What is expected: From the line with "View Obituary |" to the line with "This signature golf", retype each line exactly as it stands in the records below, but skip the pictures.
(Input material Opens)
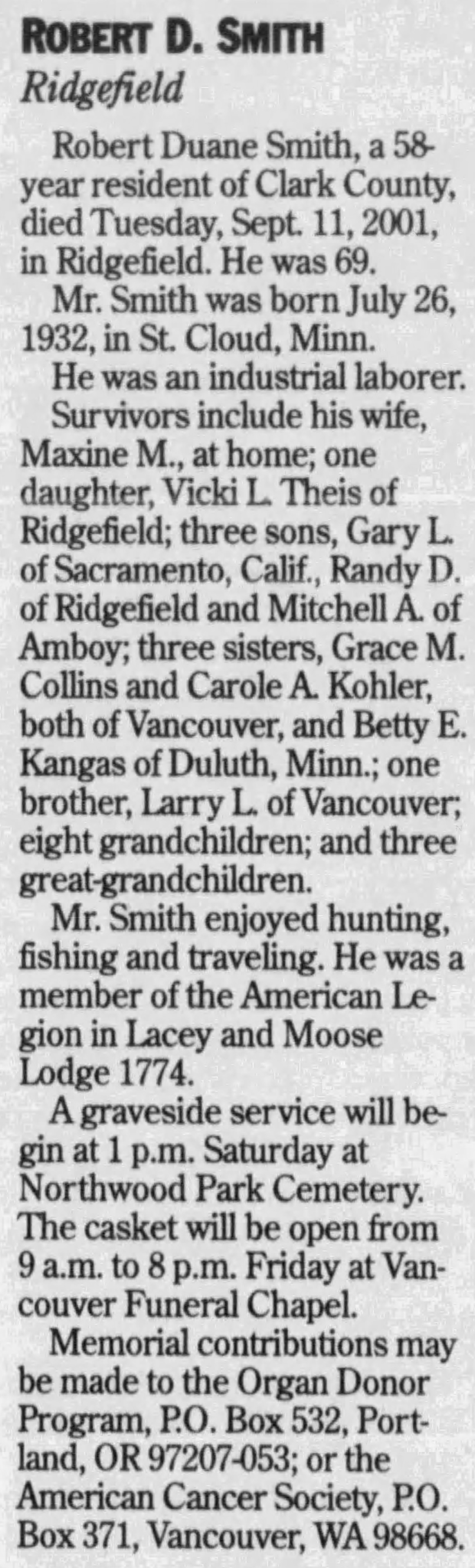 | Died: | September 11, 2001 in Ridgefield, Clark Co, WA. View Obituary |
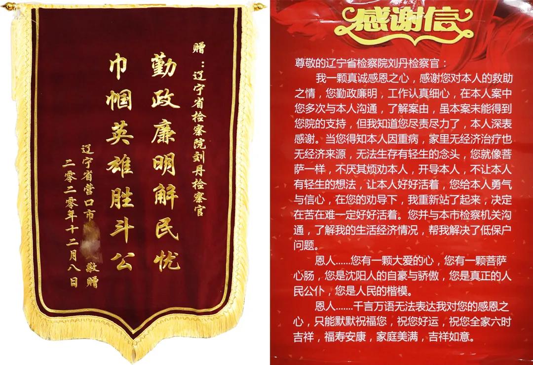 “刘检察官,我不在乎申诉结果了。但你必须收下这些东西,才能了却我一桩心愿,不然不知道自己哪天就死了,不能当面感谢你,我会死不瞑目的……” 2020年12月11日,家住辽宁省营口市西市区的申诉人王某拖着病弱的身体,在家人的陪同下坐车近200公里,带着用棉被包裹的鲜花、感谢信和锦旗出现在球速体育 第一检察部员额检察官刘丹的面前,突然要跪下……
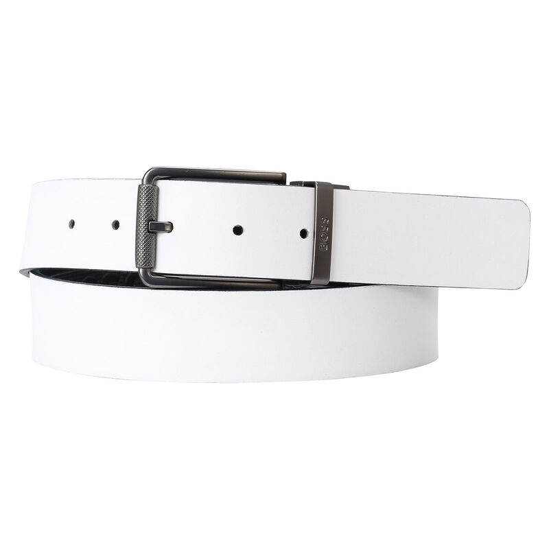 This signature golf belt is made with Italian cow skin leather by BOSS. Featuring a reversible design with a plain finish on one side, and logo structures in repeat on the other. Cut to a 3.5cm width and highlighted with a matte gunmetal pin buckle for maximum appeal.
(Input material Closes)
(Input material Opens)
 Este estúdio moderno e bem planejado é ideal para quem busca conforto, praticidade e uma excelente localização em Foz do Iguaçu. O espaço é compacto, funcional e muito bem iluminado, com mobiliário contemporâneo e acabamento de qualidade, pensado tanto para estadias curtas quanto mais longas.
(Input material Closes)
Final answer:
 | Died: | September 11, 2001 in Ridgefield, Clark Co, WA. View Obituary |
 “刘检察官,我不在乎申诉结果了。但你必须收下这些东西,才能了却我一桩心愿,不然不知道自己哪天就死了,不能当面感谢你,我会死不瞑目的……” 2020年12月11日,家住辽宁省营口市西市区的申诉人王某拖着病弱的身体,在家人的陪同下坐车近200公里,带着用棉被包裹的鲜花、感谢信和锦旗出现在球速体育 第一检察部员额检察官刘丹的面前,突然要跪下……
 This signature golf belt is made with Italian cow skin leather by BOSS. Featuring a reversible design with a plain finish on one side, and logo structures in repeat on the other. Cut to a 3.5cm width and highlighted with a matte gunmetal pin buckle for maximum appeal.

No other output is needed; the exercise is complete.